## Available data:
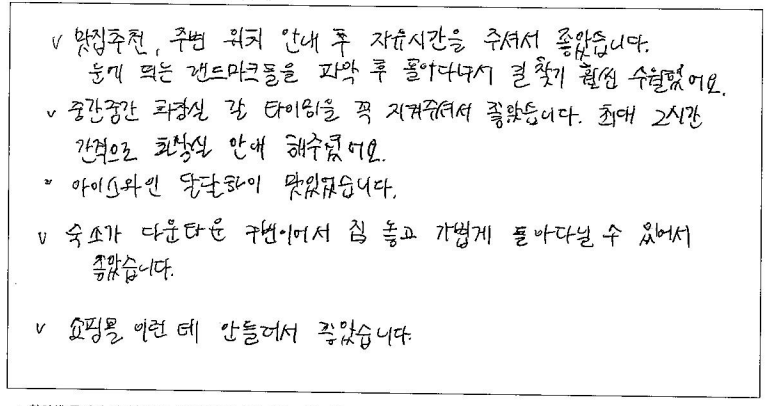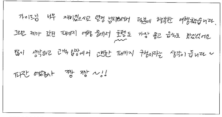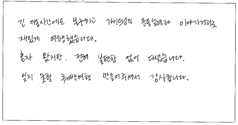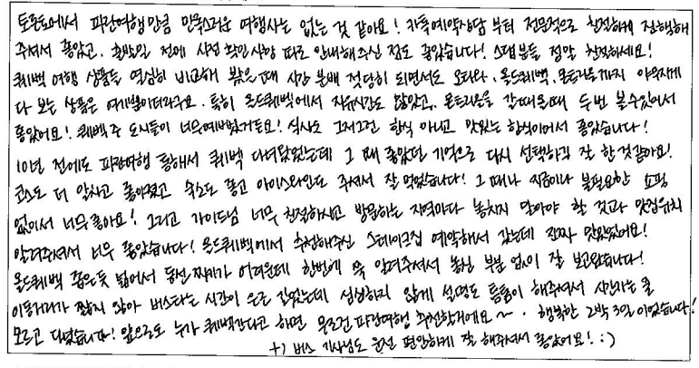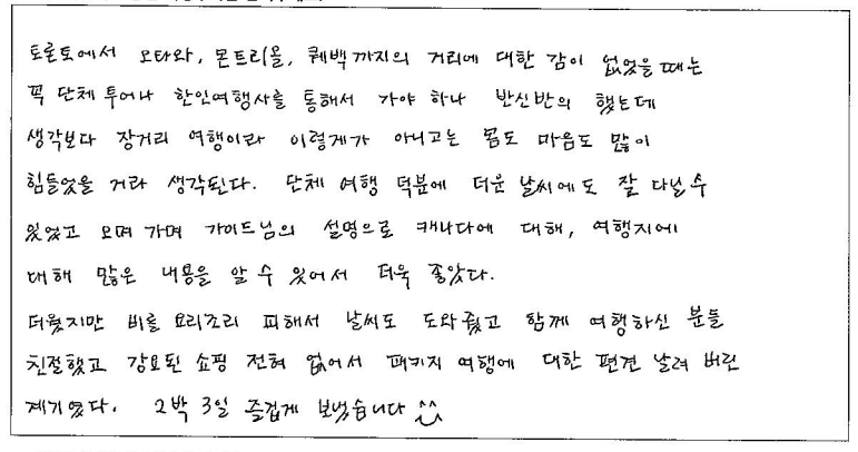 제목 | 2024년 08월 02일 출발 퀘벡 자필후기 | ||
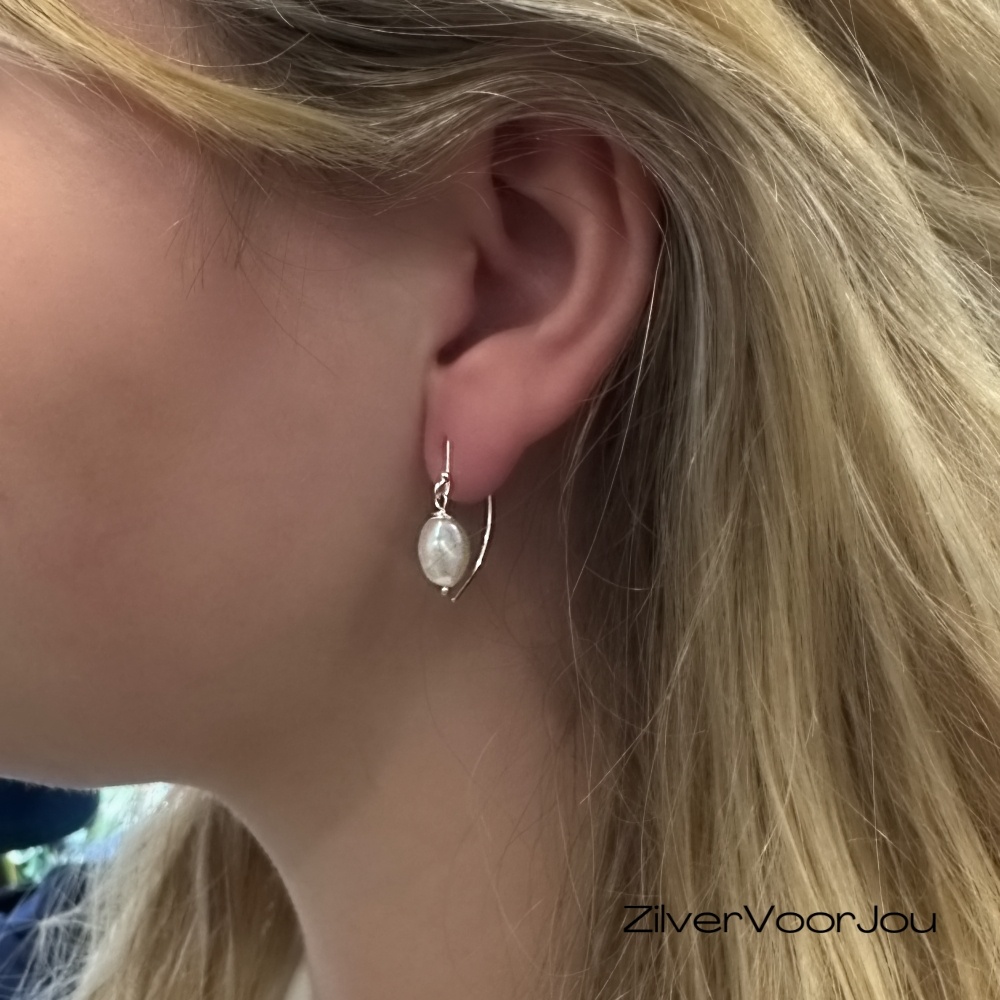 Deze oorbellen hebben een moderne, speelse uitstraling die meteen opvalt door hun unieke vorm. De zilveren haak loopt in een vloeiende beweging naar beneden, waar een zachte, natuurlijke zoetwaterparel het ontwerp compleet maakt. Het contrast tussen het strakke zilver en de organische parel geeft deze oorbellen een eigentijdse maar toch tijdloze look. Ze zijn licht, makkelijk te dragen en perfect voor iedereen die houdt van sieraden die nét even anders zijn.
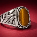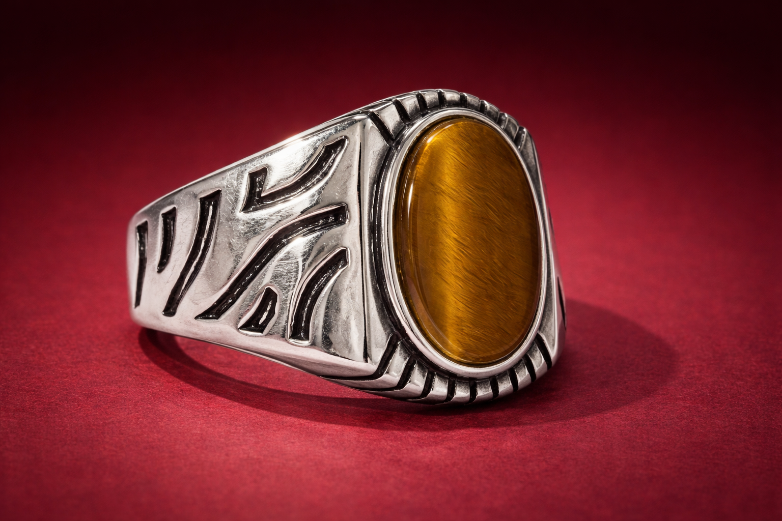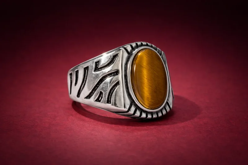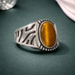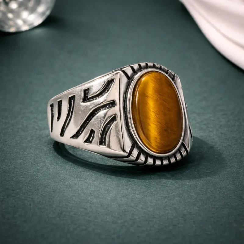 The band is engraved with sharp, flowing tribal-style patterns that add texture and masculinity. The tiger eye gemstone is often associated with confidence and protection, making this ring ideal for those who prefer earthy tones and bold traditional styling. It works well for everyday wear and semi-formal looks.

## Brief:
All of the data must be set down exactly, with no pictures included.

## Result of this exercise:
 제목 | 2024년 08월 02일 출발 퀘벡 자필후기 | ||
 Deze oorbellen hebben een moderne, speelse uitstraling die meteen opvalt door hun unieke vorm. De zilveren haak loopt in een vloeiende beweging naar beneden, waar een zachte, natuurlijke zoetwaterparel het ontwerp compleet maakt. Het contrast tussen het strakke zilver en de organische parel geeft deze oorbellen een eigentijdse maar toch tijdloze look. Ze zijn licht, makkelijk te dragen en perfect voor iedereen die houdt van sieraden die nét even anders zijn.
 The band is engraved with sharp, flowing tribal-style patterns that add texture and masculinity. The tiger eye gemstone is often associated with confidence and protection, making this ring ideal for those who prefer earthy tones and bold traditional styling. It works well for everyday wear and semi-formal looks.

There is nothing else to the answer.